[vox-tech] RAID systems

Tue Oct 19 22:20:18 PDT 2004

> > Measuring a real world workload in real world conditions.  Short
> > of that I'd recommend bonnie++ and "PostMark: A New File System
> > Benchmark"
> 
> Right now all I have been doing is cron'ing iostat to give me snapshots
> every few minutes.

Very reasonable.  Although thats a snapshot.  iostat 60 or iostat 600
will give you a more complete picture (24/7 totals instead of occasional
snapshots).

> Yea, the worst is always what I plan for with these sorts of things,
> but I guess no system is foolproof or failsafe.

Indeed, but offsite offline backups are a great place to start.

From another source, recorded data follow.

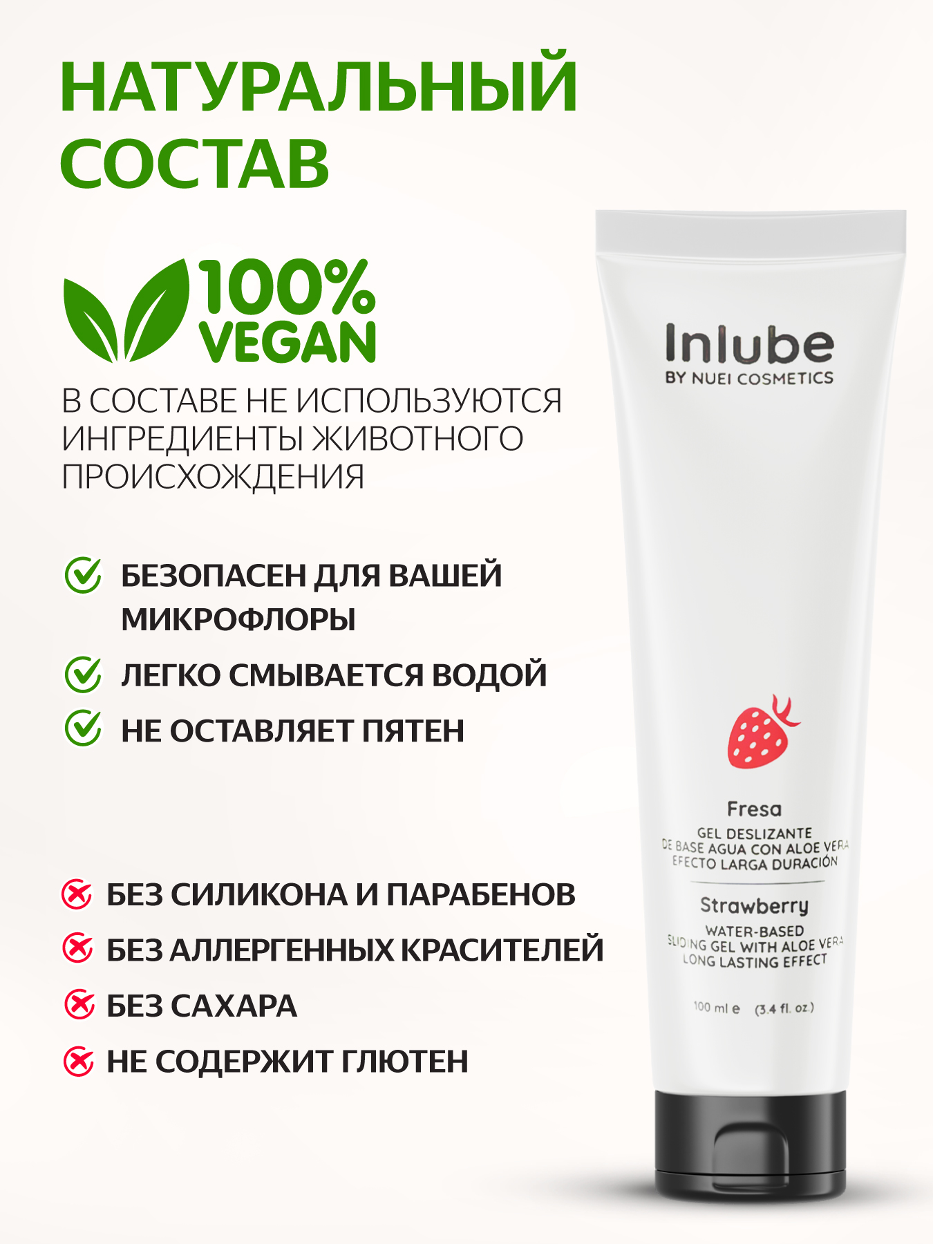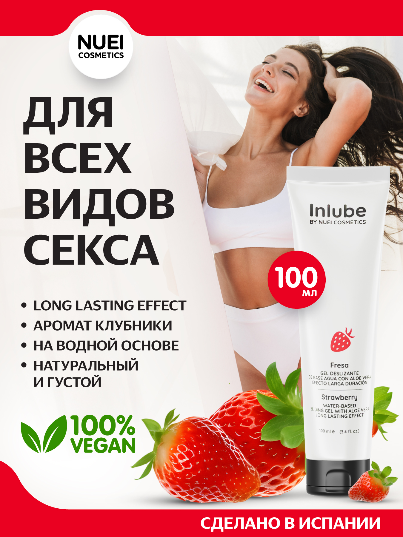 Nuei Inlube - водный лубрикант с алоэ вера и ароматом клубники, 100 мл
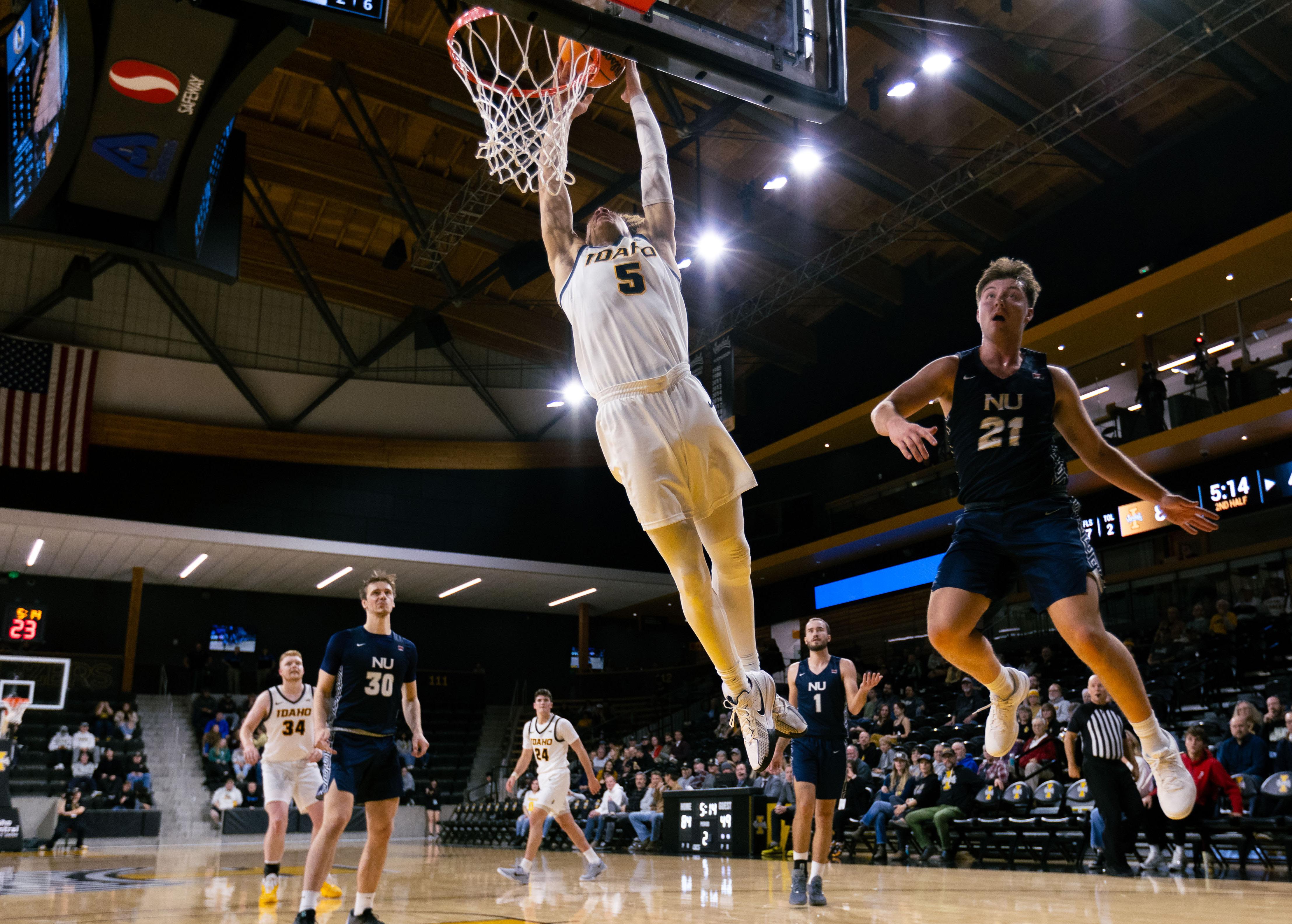 John Keegan | Argonaut Idaho guard Isaiah Brickner about to slam a dunk down over Northwest’s Ethan Martin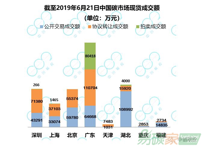 截至2019年6月21日,8個區(qū)域碳市場一、二級現(xiàn)貨市場累計成交3.30億噸,總成交額71.56億元。廣東、湖北成交量最高,位于第一梯隊;深圳、上海、北京位于第二梯隊;而天津、重慶、福建的成交量相對較低,位于第三梯隊。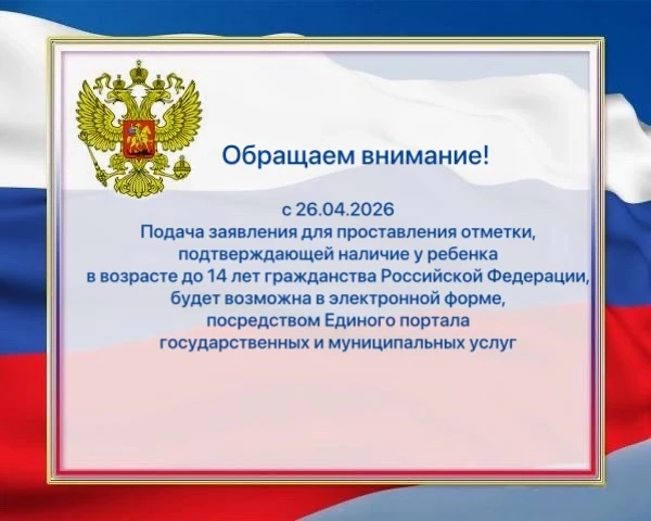 Информация о предоставлении отметки на свидетельство о рождении детям до 14 лет

> The best idea I have of the population of files that will be stored is:
>  random.  I have general statistics, but they can change on even a
> daily basis.  Most of the storage would be for millions of <64k text
> files, but not always.

I like to run something like:
	http://broadley.org/bill/dirstat.pl

[root at localhost perl]# time ./dirstat.pl /
scanning /

Total directories =    25807
Total files       =   389283
Total size        =    98441.5 MB
Average Directory =       15.1 files and  3906.08 KB
Maximum Directory =     7522 files //dev
Average filesize  =      258.95 KB

real    0m21.077s
user    0m5.128s
sys     0m10.775s
[root at localhost perl]#

So things to look for:
* large directories might need application changes for smaller dirs,
  ext3 htrees, reiserfs or other support for large dirs.
* average file size (for inode allocation)

> > I believe ext3 will allocate additional inodes as needed, no need to
> > preallocate.
> > 
> 
> One of the previous raid systems (scsi hardware raid) that we had ran
> out of inodes (it was formatted ufs and ran in solaris) in the first
> month or two that we used it for production.  I just don't want to make
> the same mistake twice...

Ugh, indeed, I must have misremember or maybe remembering for the wrong
filesystem.  Never allocate more than one inode per block though,
they will go to waste.

> As mentioned before, pretty randomized populations, and there's a high
> degree of variance between projects.  Basically, we are sent huge
> populations of data, we process the data into different formats, and
> return it.  The input data are mostly correspondance (email, word docs,
> spreadsheets, etc), but that is generally just a rule of thumb...  The
> populations are simply moving targets that vary widely from each
> project, and that is all that I have to go on... :)

If you are ever stuck with a lack of inodes you can make a filesystem in a 
file and loop mount it.

> For some projects, there can be 3 million files where 99% are less than
> 4k in size.  For others there can be 3000 files where all are more than

mkfs.ext3 -T news will make one inode per 4kb block.

> 128k.  Most fall somewhere in between.  Knowing exact numbers would
> mean that I could tell the future and know what would be coming in the
> door (which would be cool...).

Heh.

> Again, here is my dilemma.  I just chose something that would hopefully
> e "good enough(tm)" to use everyday, and something that would handle 30
> gazillion 2k files (I for-sure know there will be gazillions of emails,
> most of which are less than 2k, what I don't know is the ratio of
> smaller files to larger files).

Files smaller than blocksize aren't coalesced afaik, you might need 
another fs if you need it, on the otherhand you can set 1k or 2k blocks.

> I have a triple supply on the drive cabinet and a double supply on the
> box, all fed by UPS.  

Nice.

-- 
Bill Broadley
Computational Science and Engineering
UC Davis